The summer after Cadence Dixon graduated from Belpre High School, he got a taste of life without clear direction.

He didn’t like it.

“In my junior and senior years in high school, I got really lazy. I wasn’t involved in things like sports,” Dixon said. After finishing school in 2018, he worked a few minimum wage jobs.

“One day I got on the scale and saw I weighed 260 pounds,” he said. Dixon, 20, is about 5-feet, 8-inches tall.

He had been thinking for a couple of years about enlisting in the Air Force, in part thanks to the influence of an uncle, Brian Dixon, who was a career man in the service, a chief master sergeant.

“My uncle had persuaded me to think about it. He was traveling a lot and came for a visit.

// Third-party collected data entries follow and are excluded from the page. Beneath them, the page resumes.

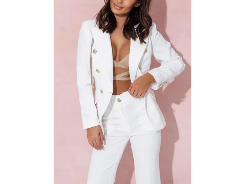 Σετ Κομψό Με Peplum Σακάκι Και Παντελόνα Λευκό
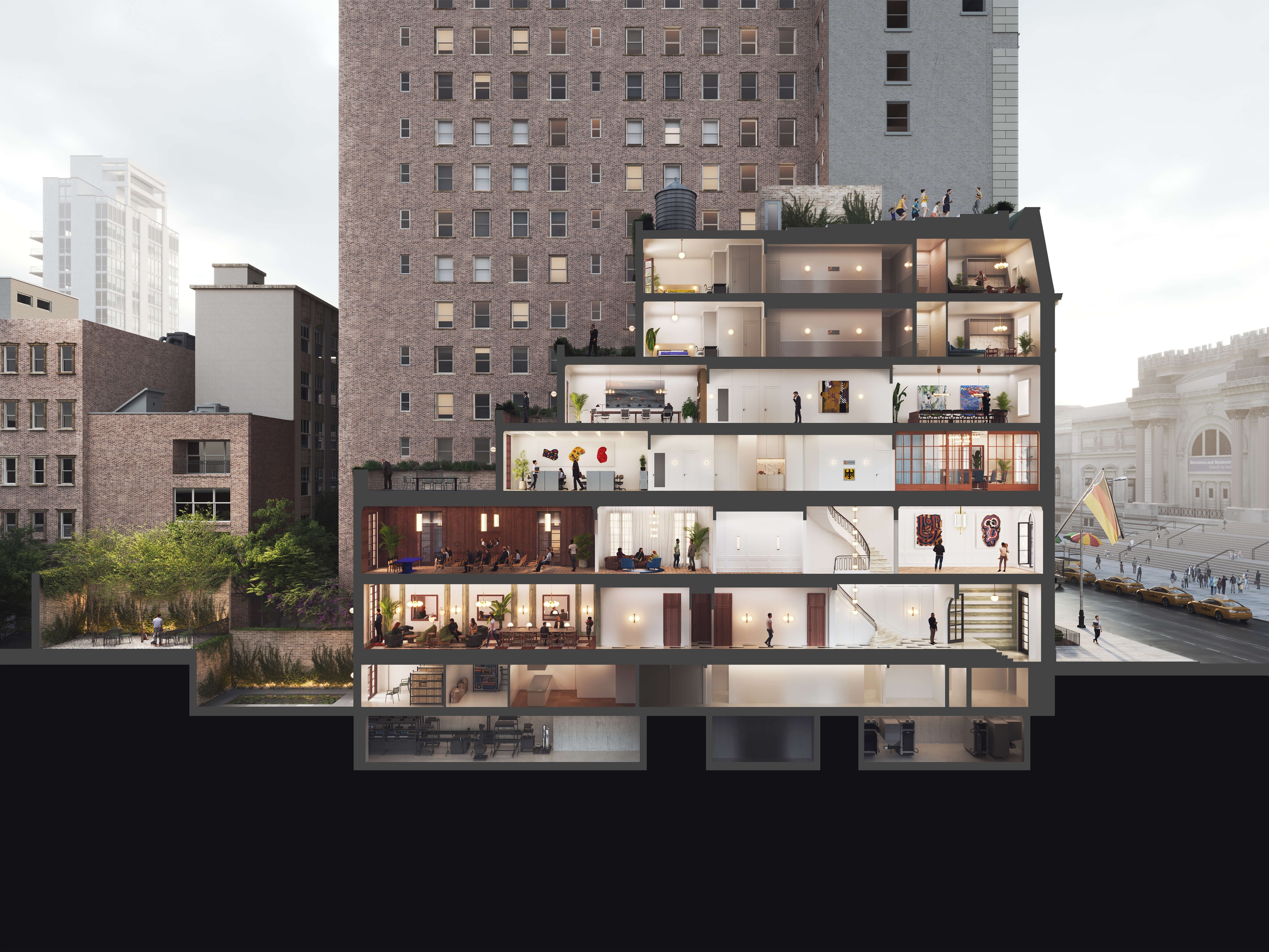CIVILIAN was among 10 international architecture firms asked to provide design proposals for 1014 Inc. - a new cultural institute and residency sponsored by the German Government in a townhouse on 5th Avenue. The program included public event, gallery and exhibition spaces; private staff offices; apartments and amenity spaces for a residency program. Working with Stonehill & Taylor Architects and a full cadre of specialized consultsants, the team proposed a user-experience focused renovation that made the most of the remarkable attributes of the building, integrated greenspaces into all program types and specific references to German design and art from the early 20th century to the present day.
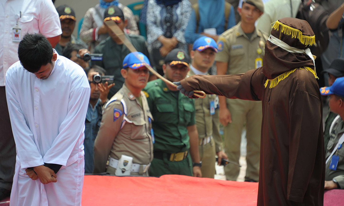 1° marzo 2016. A Banda Aceh, in Indonesia, un agente della “La polizia della Sharia” frusta pubblicamente un uomo che ha infranto la legge islamica. L’uomo aveva trascorso del tempo in una stanza con una giovane donna. Insieme a lui, hanno subito analoga punizione altre 17 persone.

I was way, way overweight, and he was really dismayed and upset with the choices I had made,” Dixon said. “I always looked up to him because he seemed to be doing something bigger than himself.”

Dixon crossed paths with Staff Sgt. Tyler Markcum in October 2018. To meet the minimum physical requirements, he would have to trim down to 175 pounds.

He did it in six months.

“He is the most motivated person I have ever seen when it comes to weight loss,” Markcum said, sitting with Dixon in the Parkersburg recruiting office Tuesday afternoon. Dixon, now an Airman First Class, was doing some assistance duty in the office before shipping out to Elmendorf Air Force Base in Anchorage, Alaska, his first assignment following basic training.

Markcum said weight problems are among the primary obstacles for people seeking entry to the Air Force, and he offers them advice on how to slim down, but he’s never seen anyone who accomplished what Dixon has done.

Following Markcum’s advice, he began by controlling his diet, which he said was 5,000 calories a day of unhealthy junk. He reduced it to 1,500 calories a day of healthy food and began dropping weight. After two months of allowing his body to adjust, he began working out. Starting with three days a week with 25-pound dumbbells, he worked his way up.

“Even that cut me down and toned me, and I began high-intensity training, six days, I started running, that really accelerated the weight loss,” Dixon said. He lived with his grandparents in Guysville at the time, he said, and began running four or five miles a day on the highway.

“I got to 180 pounds and just stopped losing weight. I was still five pounds too heavy,” he said. Markcum recommended that he ditch yogurt and cheese, substituting more chicken, fish and vegetables. “It came right off,” he said. “It’s amazing how your body responds.”

When he enlisted, he hit the scales at 166 pounds.

It was a challenge, he said, but his memory of being athletic in the early years of high school coupled with his uncle’s expectations kept him going.

“The motivation for it was crazy, some weeks I dropped five or seven pounds, those were the toughest but most rewarding weeks I ever had,” he said.

Markcum said he sees weight as an increasing issue for prospective recruits.

“I have a simple routine, they just have to follow it, you have to give up things you just don’t want to give up,” he said. But he finds that those who accomplish that are some of the best.

“I prefer recruits who have to meet challenges. It shows motivation,” he said. “I’ve noticed that as time goes along, we see people who more and more seek instant gratification, it’s the information age, we want to get it right now. To get into the Air Force, it takes five or six months, they lose interest. Cadence, he lost all that weight, he never lost interest.”

“I’ll never go over 180 again in my life,” Dixon said. “I just will not.”

Markcum views every recruit as a success in the making.

“We’re not here to twist arms to get people to join, we want people who actually want to join,” he said. “When they come out, I would say there is no version of that person who is not better off for having been through it.”